Given these guidelines, we decided to use the Google Gemini Live API to handle the application's voice components. It would initiate the phone call, listen for the answer, and record it into the dashboard. We utilized Google Gemini Code Assist to construct a base framework for the web app. When you use AI for initial app development, the most critical component is laying out in detail the app's purpose and all the features you want it to include. This gives you a strong base to work from to tweak the application through manual or AI-driven updates.
We brought the code into Google Antigravity (our IDE) and prepared for deployment. However, even with our specific guidelines, additional code corrections were needed. These revolved around the WebSocket connection between Gemini and Twilio (our platform for making the outbound call). While AI did an excellent job creating the plumbing of the application, it was vital for our team to understand the underlying code in order to make specific changes to bring the application online.
For hosting, we utilized Google Cloud Run, which integrates seamlessly with Antigravity. Using the IDE's console, we pushed updates (via containers) directly to Cloud Run. This abstracted away much of the complexity of container hosting, giving us scalability without the management overhead.
With the application online, we went through a phase of user acceptance testing and made further adjustments to refine the app. The simple workflow established earlier allowed changes to be made extremely quickly and reduced the time between feedback and application updates.
The result
By choosing the right problem for AI to address and scoping the solution to a specific outcome, we delivered the application with extremely fast time-to-value. The project's end result was a simple, highly effective AI application designed to check pharmacy supplies. In a real-world deployment, this type of solution would save clinicians time and resources during the workday and meaningfully improve patient care.
Conclusion
WWT builds AI healthcare solutions like this for customers around the globe. World Wide Technology's healthcare practice partners with health systems, life sciences organizations and payers to modernize clinical, operational and digital foundations across the full technology lifecycle. Combining deep clinical expertise—including MD and PhD advisors—with advanced engineering, WWT helps healthcare organizations design and scale solutions across AI and data, digital experience, cloud infrastructure, cybersecurity and interoperability. Our approach is grounded in real-world care delivery, enabling organizations to move from strategy to execution while improving patient and clinician experience, strengthening resilience and accelerating innovation at enterprise scale.

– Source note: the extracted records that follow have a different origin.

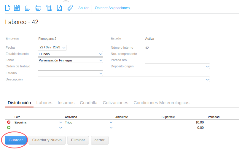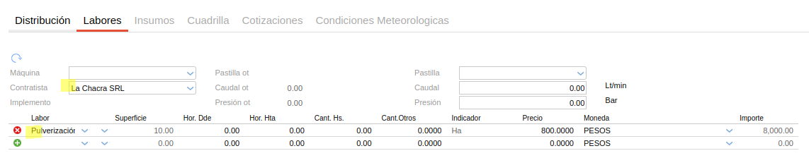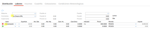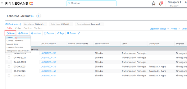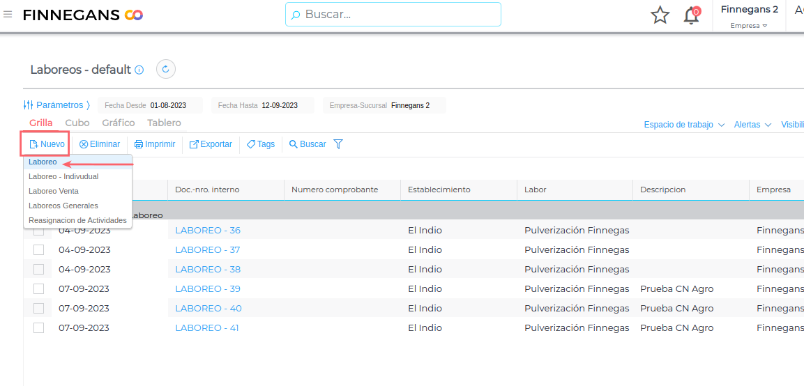 Menú → Gestión Empresarial → Agricultura → Gestión → Laboreos
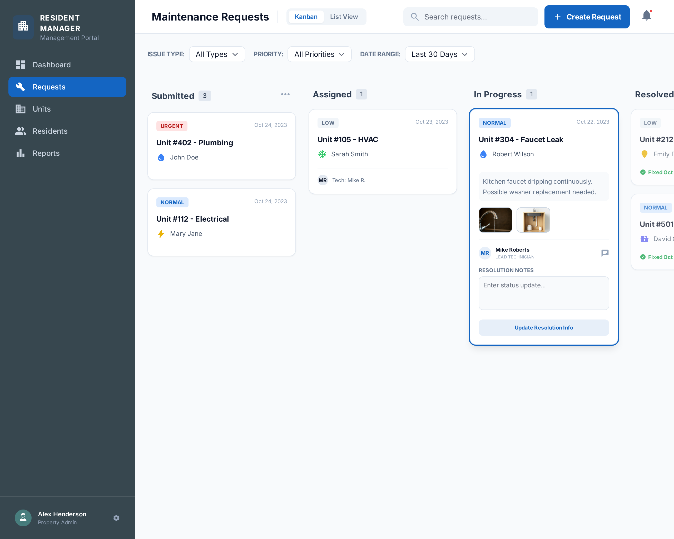 - Give residents a single platform to view bills, report issues, track maintenance requests, and stay informed about community updates — replacing scattered communication with structured, transparent workflows.
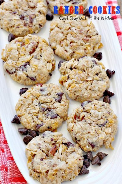 Ranger Cookies are delightful oatmeal cookies. They are filled with lots of great things like coconut, chocolate chips, pecans, and crushed Corn Flakes.
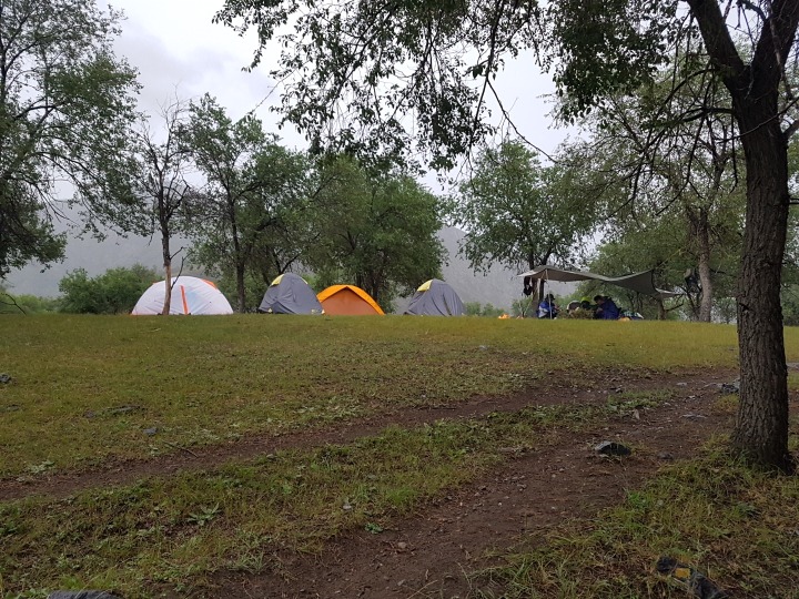 호턱온더르를 떠나7시쯤에 비가 내리기 시작하여 급히 멋진 곳을찾아서 야영지를 정했다.

In this scenario, our expertise across both the technical components of cloud and AI and our experience in the healthcare vertical enabled the project's success. We believe it's vital to have experts on both these fronts to deliver impactful enterprise solutions in today's market. The extraordinary pace of technological change will likely continue, and our culture of innovation keeps our customers on the cutting edge, delivering AI solutions with real business outcomes.